Il saisit l’instant où Johann et son frère avaient le dos tourné, pour traverser d’un seul bond le péristyle. Quand ils se retournèrent, il était tapi déjà derrière la porte de l’usurier.

De là, il entendait beaucoup mieux.

Lorsque les deux interlocuteurs passèrent devant la porte, c’était Johann qui parlait. Il répondait sans doute à une question du joueur d’orgue, touchant le but du voyage.

— Tu auras tout le temps de savoir cela en route, mon garçon, disait-il ; je vais te mettre avec un gaillard qui t’expliquera la chose… tout ça ne sera pas la mer à boire, crois-moi, et tu auras gagné facilement ton argent !

Ils étaient tous les deux, vis-à-vis l’un de l’autre, dans une situation analogue. Entre eux, il s’agissait d’un meurtre que Johann prenait fort au sérieux sans doute, mais pour lequel il ne comptait nullement sur le joueur d’orgue ; Jean était à ses yeux un comparse, chargé uniquement de compléter sa troupe, et qu’il embauchait pour avoir droit à la récompense promise.

Quand on a deux estafiers comme Mâlou et Blaireau, sans parler de l’honnête Fritz, un pauvre garçon de la trempe de Jean Regnault est assurément du luxe.

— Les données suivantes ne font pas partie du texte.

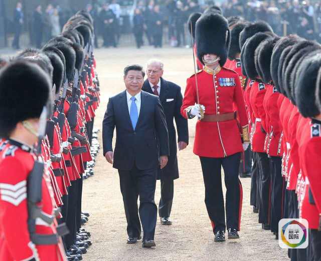 國家主席習近平出席英國女王伊麗莎白二世在倫敦騎兵檢閱場舉行的隆重歡迎儀式。(龐興雷攝)
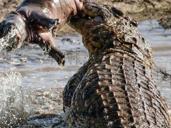 小河马惨遭凶猛巨鳄撕咬, 河马群赶到围攻并秒杀凶残鳄鱼
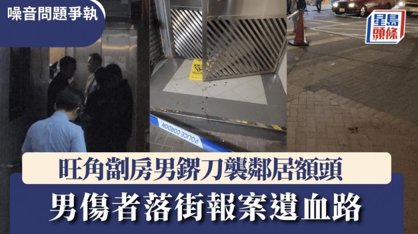 旺角劏房爆噪音衝突 男住戶鎅刀施襲後自首 鄰居負傷報案遺血路
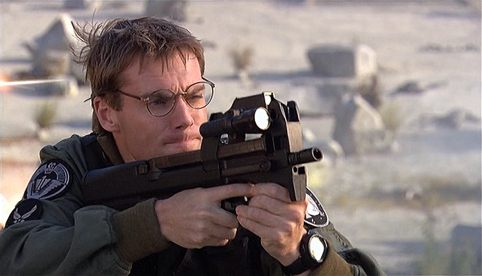 Does the Stargate show have great gun handling or impressive tactics? No, not really, but the guns they use are far from boring. In fact, whichever team armed the Stargate cast clearly had an eye for style and strived to fill the show with some seriously awesome guns. It seems like an odd thing to write about but stick with me. Let’s dive into the world of Stargate SG-1’s best guns and appreciate the tactical drip they provided.
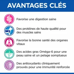 - Avec des acides gras oméga-6 pour une peau saine et un pelage somptueux
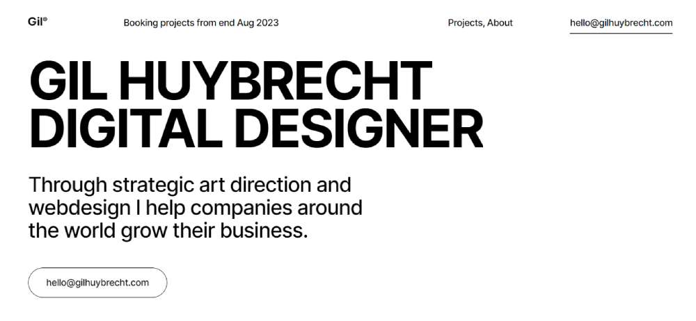 Freelance designer Gil Huybrecht's portfolio is a strategic blend of art direction and web design, helping businesses grow through color.
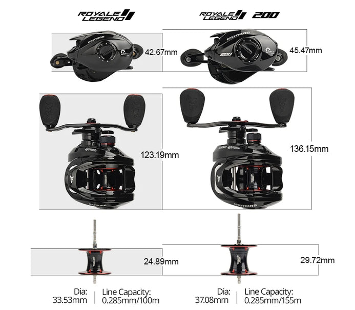 STRONGER - KastKing’s new Royale Legend II casting reels are equipped with an extra-hard stainless steel main shaft, Hamai precision machined brass gears, diamond shape ceramic line guide and CNC aluminum spools for strength and durability. Combine those high-end features with a quadruple disc carbon drag that delivers a fishing stopping 8kg of drag and an incredibly low price, and you have the best value in baitcasting reels available today.
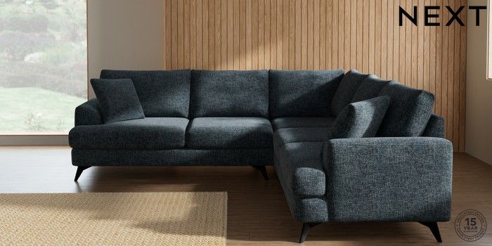 7.2.10 Buy Parker Medium Corner Sofa - Universal Chunky Chenille Dark Navy Blue High Metal - Black from the Seasons online shop Click here to use our website with more accessibility support, for example screen readers
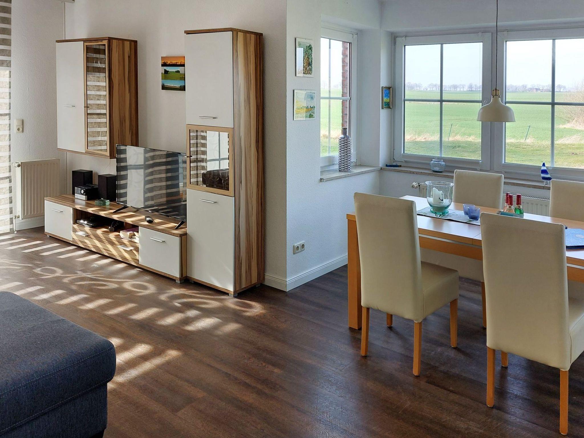 Die modernisierte 3-Zimmerwohnung besitzt eine geräumige Wohnfläche von 74qm. Sie wohnen im Erdgeschoss des Hauses und genießen die Vorzüge einer wohnungseigenen Terrasse mit Strandkorb. Eine Belegung ist mit max. 4 Personen möglich. Der behaglich möblierte Wohn-Essbereich ist mit einer Sofalandschaft und einem Esstisch möbliert. Ebenso sind Fernseher, Musikanlage und WLAN gebührenfrei vorhanden.
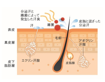 汗と臭いの元となる汗腺は「アポクリン汗腺」と「エクリン汗腺」の2種類があります。それぞれ皮下組織の異なる深さに存在していて、役割や性質も異なります。
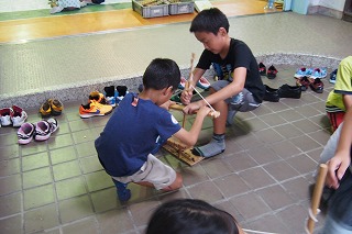 東っ子たちが、「火」を起こそうと一生懸命挑戦しました。お世話になりありがとうございました。
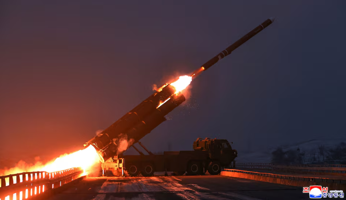 Ammon News - North Korean leader Kim Jong Un oversaw the launch of long-range strategic cruise missiles on Sunday, which confirmed the integrity of its nuclear power and counter-attack readiness in the face of security threats, state media KCNA said on Monday.
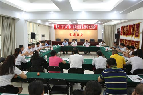 8月19日下午,由海通集團(tuán)權(quán)屬單位公交公司、汽服公司、汽車公司組織開展的踐行“三嚴(yán)三實(shí)”要求、擦亮優(yōu)質(zhì)服務(wù)品牌研討交流會(huì)在公交公司三樓會(huì)議室舉行,市文明辦副主任劉永鑫、海通集團(tuán)董事長、黨委書記劉永能,汽服公司總經(jīng)理趙士強(qiáng)、黨委書記劉元祥、工會(huì)主席趙明及三家單位主要領(lǐng)導(dǎo)、2014年度最美海通人及提名獎(jiǎng)獲得者、“黨員的士”、“雷鋒的士”代表近40余人參加了會(huì)議,集團(tuán)紀(jì)委書記趙煦主持會(huì)議。
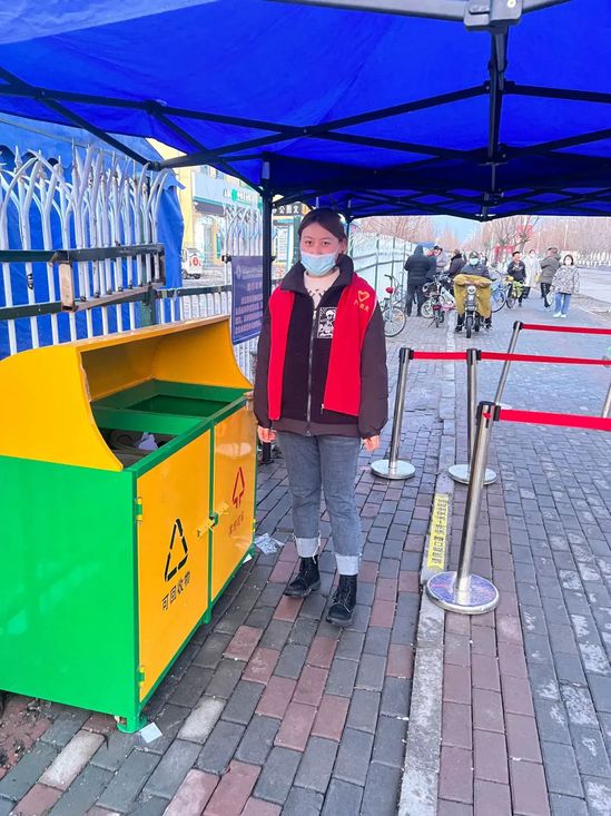 在疫情防控期间,为响应政府的号召,她毅然决然地加入了老员工志愿者团队,为自己的 家乡贡献一份力量。开始在领导带领下,戴上袖章,戴上口罩,在主要十字路口,进行值守,对外来往车辆进行登记和盘查,同时对外来人员进行信息登记,并测量体温,此外,在领导的安排下,为人民发放抗击疫情宣传单,考虑到年龄较大的老人,文化水平不高,她们还主动承担讲解工作.穿上防护服组织全员核酸.在共同抗击疫情的伟大斗争中,街道、社区作为离人民群众最近的机构、组织,承担了大量艰苦细致的工作,组织核酸检测、入户走访排查、为封闭小区提供物资保障.疫情不退,我们不退。让我们携手并肩一起打赢这场“战疫”,齐心协力、共克时艰、不畏严寒、温暖同行!感谢你们,给我们温暖的力量!
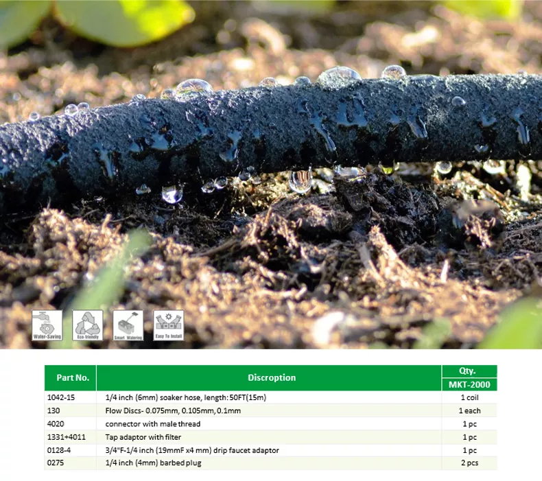 DIY طقم خرطوم معتاد على الثمالة MKT-2000 1، يمكنك بسهولة إنشاء سقي فعال ومريح نظام لحديقتك 2، خرطوم معتاد على الثمالة يحافظ على ما يصل إلى 70% من الماء، مما يوفر لك المال والمساعدة في الحفاظ على مواردنا الطبيعية 3، تحتوي على كل ما تحتاجه لإعداد خرطوم ري معتاد على الثمالة نظام

Mais le chevalier avait exigé quatre hommes, pour le moins, et il fallait lui en donner pour son argent.

C’était sous l’influence de la roide eau-de-vie des Quatre-Fils-Aymon que Johann avait entamé cette conquête à peu près inutile ; à jeun, peut-être eût-il agi différemment. Néanmoins, une fois l’affaire commencée, autant celui-là qu’un autre. Il savait l’allemand, et Johann ne songeait pas, sans un certain plaisir, que l’absence du joueur d’orgue laisserait le champ libre au neveu Nicolas, auprès de la gentille Gertraud.

Johann avait l’estime la plus profonde pour les économies du père Hans.

Quant à Jean, nous savons que sa détresse lui avait enseigné la ruse, et qu’il avait fait avec sa conscience une sorte de compromis. L’idée du meurtre était à cent lieues de sa cervelle.